Ahead stood a large stone building with a thick wooden door, but even through all of that he could hear music and loud voices calling out raucously. “When we go inside do not speak with anyone, or I’ll snap you neck.” Matt instinctively loosened the neck on his uniform.

Lilith opened the door with a loud creak, as soon as the door cracked open music and light washed over them. People were stumbling around at tables while others sloshed tall drinks as they called out loudly towards a short stage standing at the edge of the room.

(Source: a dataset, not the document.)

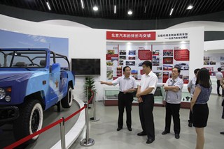 調研組首先參觀了北京汽車產業研發基地“汽車型”沙盤、北汽集團概念車新能源車、北汽集團歷史文化展覽館和北汽造型設計研究中心。北汽集團黨委副書記、紀委書記李志立、副總經理孔磊、黨委常委組織部兼人力資源部部長高原等陪同參觀。
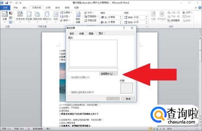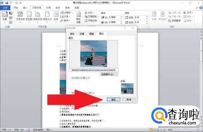 接下来点击“选择图片”按钮,从电脑中选择一张作为文档背景的图片。选择完成后,点击“确认”按钮即可。

Lilith quickly made her way to a man standing behind the counter and exchanged quick words with him. Her words fluent and forceful were lost in the loudness of the room and Matt had little interest in breaking into the meaning through her mind. He was too distracted by the woman on stage, moving her limbs quickly in pace with the music while singing with enough life to break through the din.

Although he couldn’t understand the words Matt could feel something flowing out of them. A power that resounded in his chest making him want to step forwards closer to the stage, but as he stepped forwards Lilith intercepted him shoving him towards a thin set of stairs in the far corner of the room. As he was rounded up, the woman singing on stage turned his direction, staring right into his eyes and winking as she finished her song.

She quickly left his sight as he was corralled up the stairs into a corridor with a series of doors on either side. Lilith moved forwards and forced open the furthest door entering a room sparsely populated with only a pair of small beds and a bedside stand between, with what had to be an oil lamp of some design.

With little time to waste and no spared words for Lilith, he threw himself down on the bed dropping the rifle down by the bedside and removing his pistol to the bedside table. With the music still loudly playing beneath his feet, and laying atop a bed as soft as a cloud he passed out, mind filled with the past and the future.